When we teach robotically, we get robot-like responses. But when we teach from our hearts, using body and heart-centered activities that reach the oft-closed hearts of our students, we get responses from their hearts.
Language instruction REQUIRES the involvement of the heart. When it is all caught up in the head, no language is being acquired.
If you are not familiar with Lev Vygotsky’s “Zone of Proximal Development”, search it. Basically, it means, in my view, that we figure out ways to build on their natural creative strengths by being a strong loving adult near them and providing them with activities that enable them to build on what they know already. This “drawing out” – done in the target language – of a sense of reciprocality and play and exploration and inquiry and spontaneity (vs. memorization, which is none of those things) should be the goal of our instruction.
There is such creative strength built into their minds, but we have to be there to draw those strengths out, to coax them forward, and not allow them, by left-brain robotic analysis of language as a machine, to be bored out of their minds.
If you want to see the difference, go down a high school WL wing and walk into a classroom. If you see a kind of distant, disengaged, look in the students’ eyes, that teacher is playing off their instruction as valid but, without a Zone of Proximal Development working there, the instruction is not valid. It is invalid and a waste of time and money and ends up having a more deleterious effect on the child than had they never taken the class.

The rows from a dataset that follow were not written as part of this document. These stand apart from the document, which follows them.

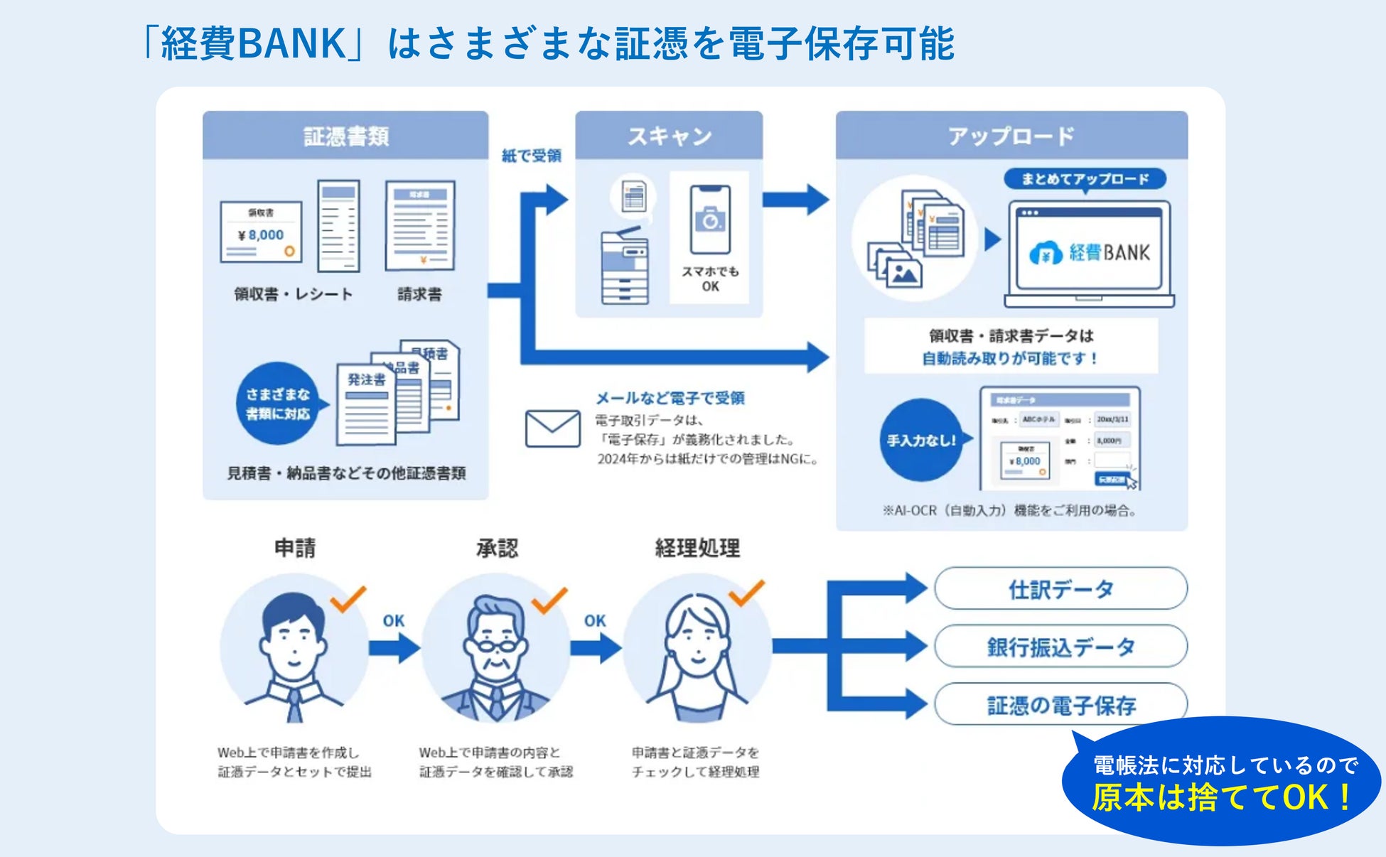 法制度対応と業務効率化の双方を実現するクラウド型経費精算システム「経費BANK」は、高機能でありながら始めやすい低価格と手厚いサポートにより、今後も事業者様に「安心」と「利便性」をお届けいたします。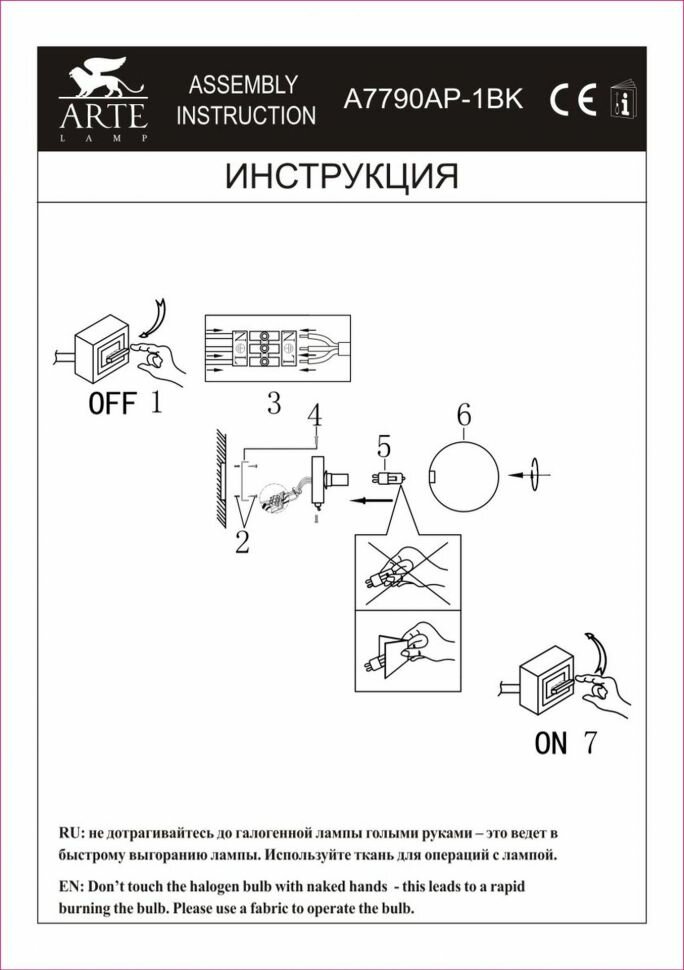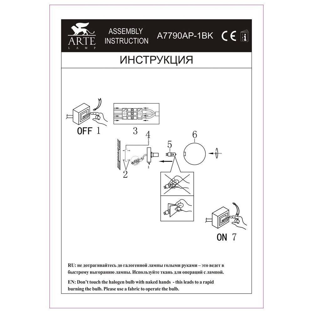 | Комплектация | бра Arte Lamp A7790AP-1BK |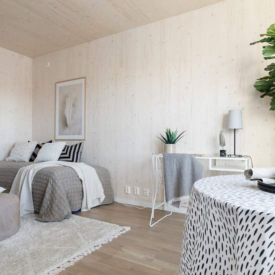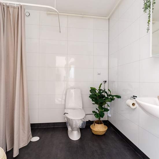 Bright and open apartment with a French balcony. The building is constructed from cross-laminated timber using modern volumetric construction techniques to minimize climate impact. The facade's black-tarred cladding evokes fallen pine cones with their spiky scales and gives a new, striking silhouette to Gävle's cityscape. At the very top there is a large sunny roof terrace with a fantastic view over Godisfabriken, the Gävle River and Gävle Strand. Here, as a tenant, you are offered a green oasis with a beautiful pergola and lush planting for...

The short way to say it is if there is no laughter or sense of mirth or lighthearted play in the classroom, then nothing is happening. Air is being breathed and that’s about it. Teachers who have not explored that side of their teaching have not explored what is the key factor in language instruction – it’s humanness and sense of play that describes real human interaction, and separates our communication from our robot friends’ worksheets.
The most critical need right now in our profession is not how to get better gains in proficiency, it’s how to reach our students. Proficiency follows community building and not vice versa.